"My Life as a Turkey" is a television episode that premiered in 2011 in the UK on BBC (season 30 of the series Natural World, August 1) and in the US on PBS (season 30 of the series Nature, November 16). It won an Emmy Award for Outstanding Nature Programming. It was based on the book Illumination in the Flatwoods by Joe Hutto, who also co-wrote and hosted the TV program.

Synopsis
My Life as a Turkey describes how Hutto raised a brood of wild turkeys. They imprinted on him as they came out of the egg. He then led them on walks through the Florida woods. He describes how he learned their language and was impressed by their instincts and native intelligence. Eventually, after about a year, they became independent of him. The film shows footage of turkeys at all these ages, and is a re-enactment of the material described in Hutto's book.

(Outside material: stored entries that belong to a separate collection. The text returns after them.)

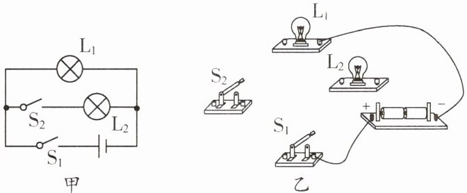 将$L_2$左端接线柱与$S_2$左端接线柱用导线连接,$S_2$右端接线柱与电源负极用导线连接。
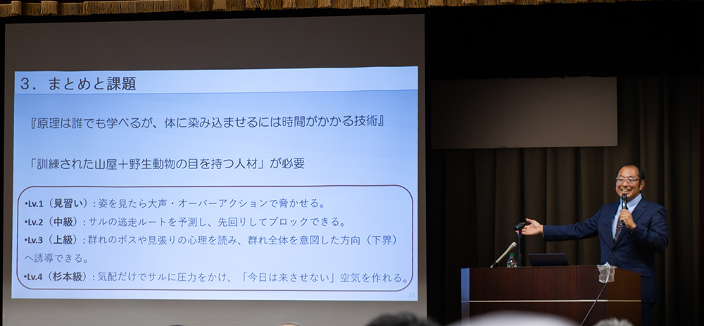 報告3は、株式会社ウイルアクトの杉本淳さんによる「中央アルプスで実施したサルの追い払い」です(写真8)。わずか4年間の追い払いで、中央アルプスにサルは夏にほとんど上がって来なくなり、2025年にはその追い払い技術を使って北アルプス燕岳から、大天井岳、常念岳にかけてのサルの追い払いも行ったことが報告されました。
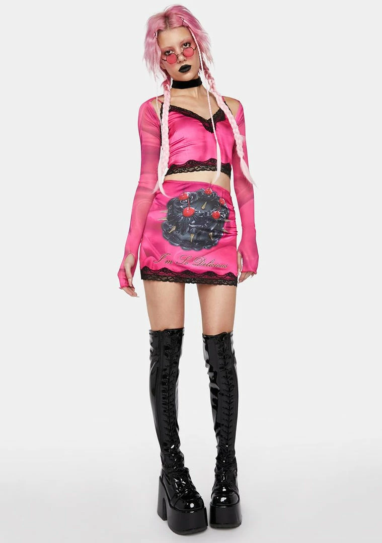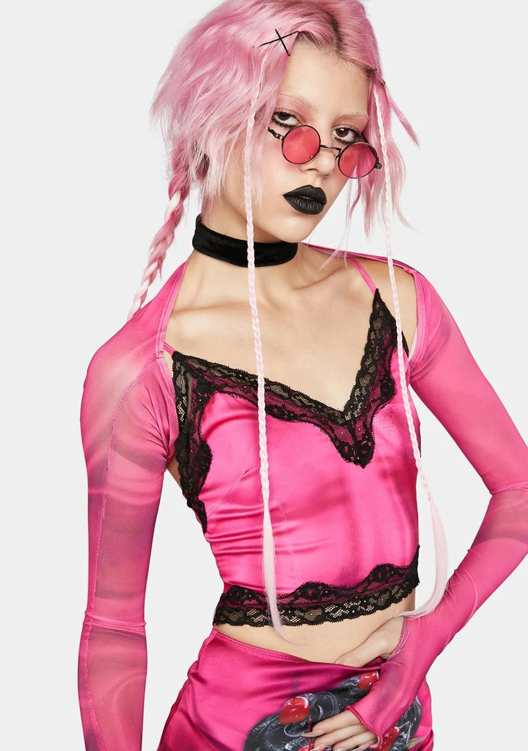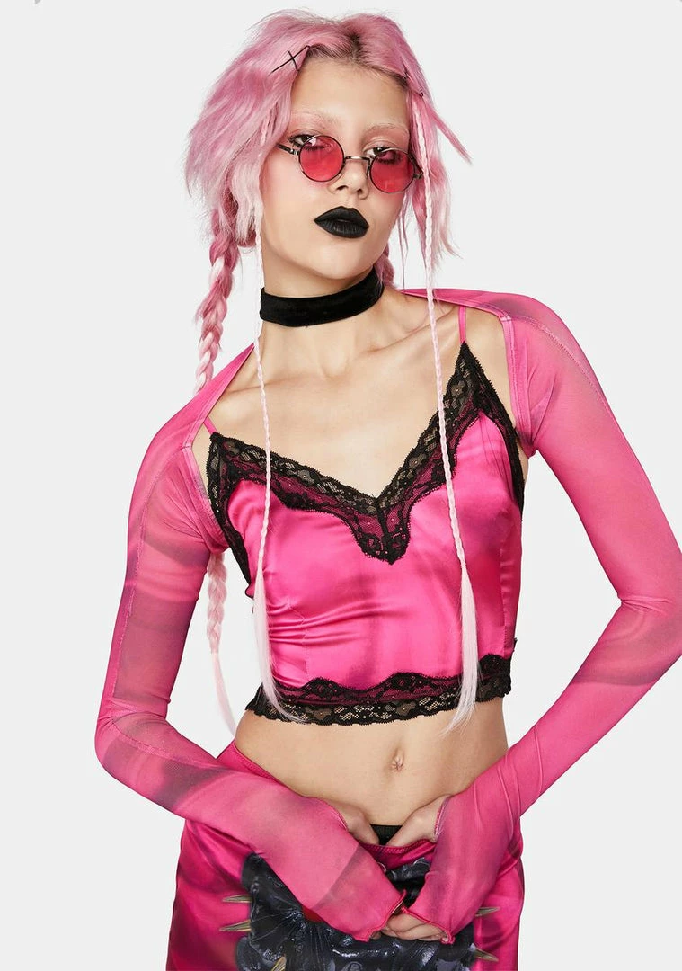 cuz you’re all set for a great day. Look amazing in this cami set that includes a cami top that has a plunging neckline, a lace trim, adjustable shoulder straps, a cropped fit, a back zip closure, an all over rose print, and a matching shrug with long sleeves and thumbhole cuffs.
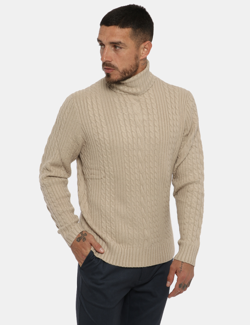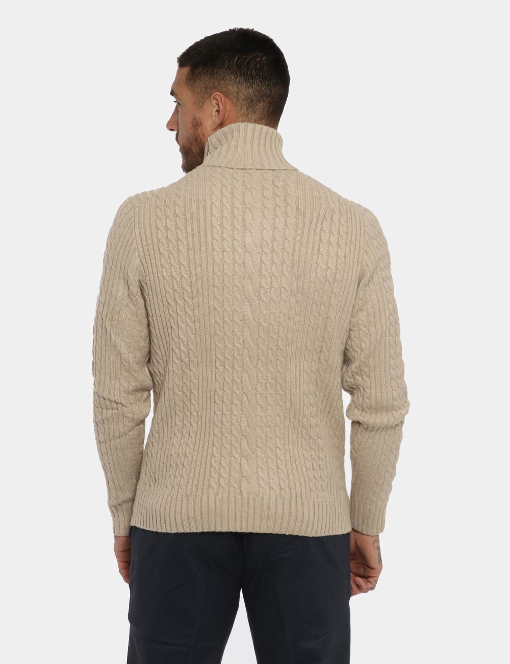 Maglione dolcevita misto cachemire in total beige con trama intrecciata. La vestibilità è morbida e regolare. Il dolcevita è adatto per l’inverno e ideale per occasioni casual. Indossalo per essere impeccabile.
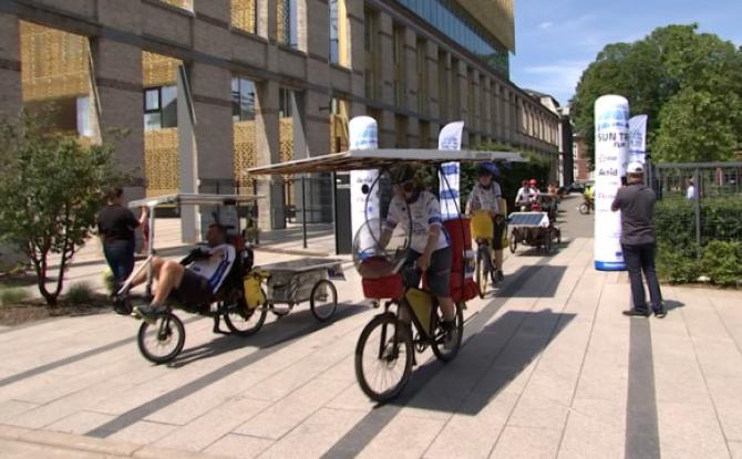 Le peloton du Tour d'Europe en vélo solaire de passage à Seraing

Reception & media coverage
In relation to the film, Joe Hutto has been profiled in newspapers, with a focus on the program and book. The book was mentioned in The New Yorker.

Meaningful Quotes

“Their language and their understanding of the ecology shows a remarkable intelligence. But their ability to understand the world goes much further than just communication.  I came to realize that these young turkeys in many ways were more conscious than I was.  I actually felt a sort of embarrassment when I was in their presence - they were so in the moment - and ultimately their experience of that manifested in a kind of joy that I don’t experience and I was very envious of that.
I was learning new things about turkeys everyday.  But this was not just about how they live their lives - these animals were showing me how to live my life also.
We do not have a privileged access to reality.
So many of us live either in the past or in the future - and betray the moment.  And in some sense we forget to live our lives - and the wild turkeys were aways reminding me to live my life.
I think as humans we have this peculiar predisposition to be always thinking ahead - living a little bit in the future - anticipating the next minute, the next hour, the next day - and we betray the moment.   Wild turkeys don’t do that.   They are convinced that everything that they need, all their needs, will be met only in the present moment and in this space.  The world is not better half mile through the woods, it’s not better an hour from now, and it’s not better tomorrow - that this is as good as it gets.  So they constantly reminded me to do better, and to not live in this abstraction of the future, which by definition will never exist.  And so we sort of betray our lives in the moment and the wild turkeys reminded me to be present, to be here.”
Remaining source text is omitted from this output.